Does anyone here have experience with any implementations (such as likelike, lshkit, etc.) and can recommend something that can handle larger sets? All the implementations I have found were either not maintained, old, not running or not suitable for production use.

Will definitely take a look at the paper but unfortunately it's always a very long way from here to an actual implementation (there is no code published as far as I could see).

2 comments

Google's simhash paper shows how to do 8 billion 64bit fingerprints in memory:

Detecting Near-Duplicates for Web Crawling (http://www.wwwconference.org/www2007/papers/paper215.pdf)

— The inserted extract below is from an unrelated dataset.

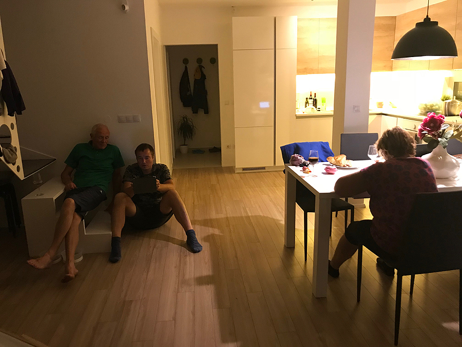 Butas senoviškam name, susižavim parketu, vaizdais pro langą, bet einant miegot nerandam baltų paklodžių pakankamai, čia jau didelis minusas, sakyčiau. Buto šeimininkas, befotkindamas mūsų pasus sako, aa, lietuviai - jūsų geri krepšininkai, mes gaunam į kaulus. Žinoma, vyras juokias, sako ne ne, tai mes nuo jūsiškių gaunam.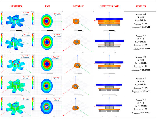 To design proper induction coils for domestic induction heating applications, a variety of FEMs were run. Some of the analyses were implemented following the FEM results. Firstly, the induction coil was designed for high-power applications. The target power rating was approximately 3.7 kW, which is widely used in mid-segment products. This application selected approximately 120 kHz switching frequency, which is nearly 5–6 times higher than conventional domestic induction heating applications. Conventional domestic induction cookers set the resonance frequency as approximately 18 kHz. Magnetic simulations were performed based on the fact that high-frequency induction cooktops operate between 100 and 120 kHz. In practical measurements, the operating frequency was approximately 100 kHz. As the switching frequency increased, it was obvious that the values of the passive components used in the power circuit decreased compared to conventional systems using low resonance frequency. FEM analyses of induction coils designed for high-power applications are given in Figure 12. In these analyses, in addition to conventional induction cooker coils, analyses of their high-frequency counterparts are also included. Results are given for different windings and magnetic core numbers, as well as for different air gaps. All of these analyses were carried out for a 210 mm induction coil and with a cast-iron pot. Cast-iron pots are made from a metal base plate through which induction cookers can transmit maximum power and have high induction compatibility.

SEOMoz has in-memory and db-backed implementations of simhash in Python (https://github.com/seomoz?query=simhash)

Simhash is indeed wicked fast.

Unfortunately, it's also encumbered by a patent: http://www.google.com/patents/US7158961

I've been playing with an implementation on top of lightning mdb[1]. Your profile doesn't have an email but feel free to email me if you're interested.

[1] http://symas.com/mdb/

Actually I'm also using lmdb (together with Python/numpy) :) Added an email address to my profile, would be happy to exchange some experiences.
100GB isn't that big a deal. If you have at least 16GB of RAM it should be a breeze. There are much larger data sets in OpenLDAP in production around the world.

But I wouldn't choose python for large scale data processing work. The python CPU/memory overhead is like 100:1, compared to C. (This is why I worked on rtorrent and ditched the original bittorrent client ASAP, and why I hate bitbake....)

First of all, thanks for open sourcing lmdb :)

The biggest problem currently is actually degrading performance, although I'm almost 100% sure that this isn't caused by lmdb itself, but rather by the bindings I've tried.

In the end, doing it directly in C is probably the only thing that will actually work.